To some travellers the stations of Macedonia under the Ottoman Empire were "filthy shacks", where the only refreshment available was a cup of ground barley drink, a poor imitation of coffee, accompanied by a dirty glass of water. Conversely, others found the stations of Baron Hirsch's Anatolian Railways to be models of order and cleanliness.
Although remarks about their quality were divided, complaints about the inaccessible locations of the stations were voiced by all the travellers, Europeans and locals alike. It was common knowledge that, in order to reduce construction costs, the stations had been built so far from the places they were meant to serve, that in some cases the economic benefits expected from them failed to materialize.

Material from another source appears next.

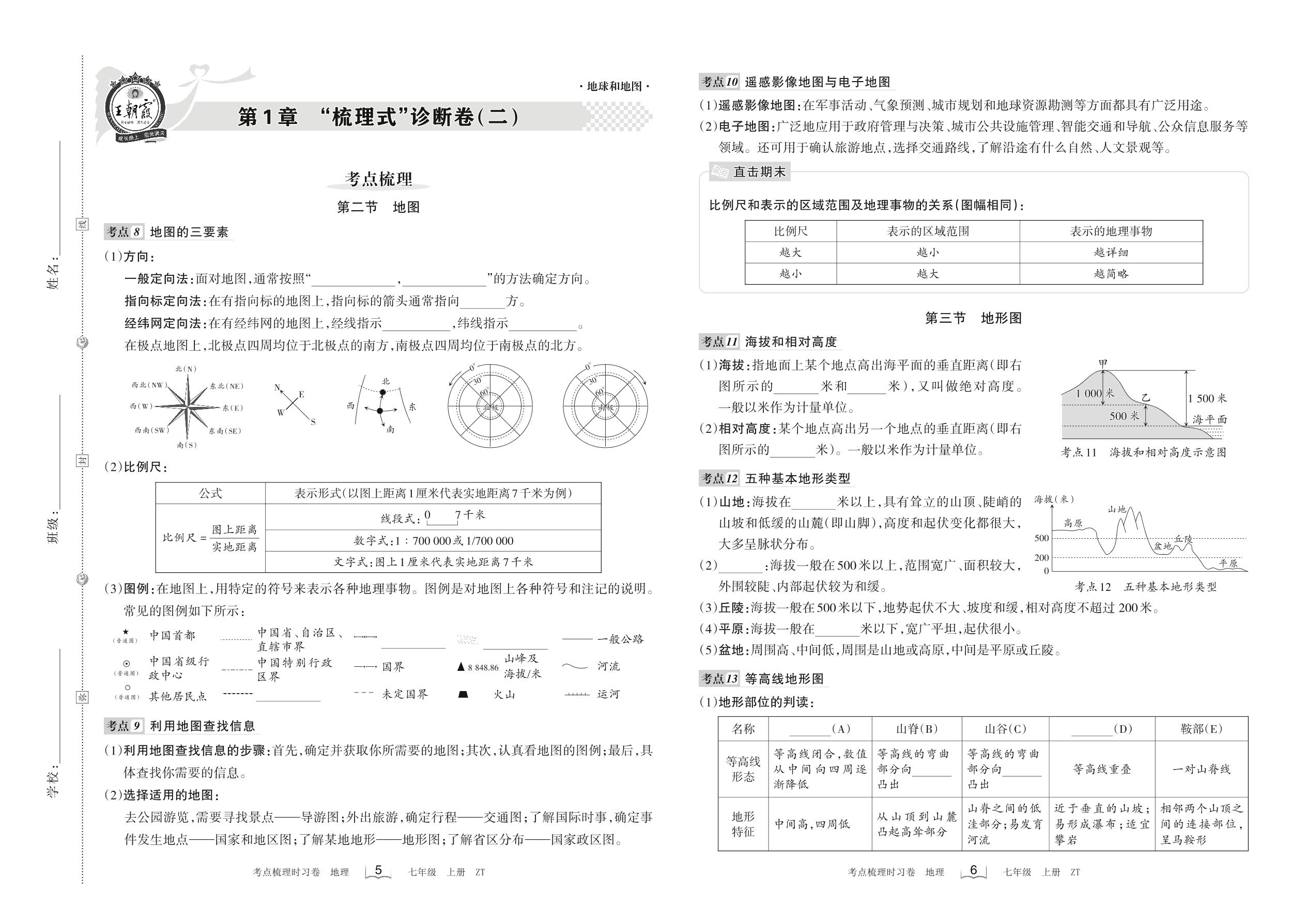 2022上册七年级地理中图版 第1章 “梳理式”诊断卷(二)

What the railways did not manage, however, houses and shops did, quickly growing up around the isolated station buildings. Sometimes they developed into self-sufficient settlements, transit trade centres. As a rule, however, the stations were eventually united with the towns and villages they served, despite the distances.
Thus, the memory of the initial problems faded, but the needs of the railways predetermined the location of the industrial zone, workers' neighbourhoods and inns of ill repute. The Vardaris district in Thessaloniki is perhaps the best known example of a railway neighbourhood. Nothing was able to alter its character, not even the completion of the new station in 1967, 30 years after the foundation stone was laid.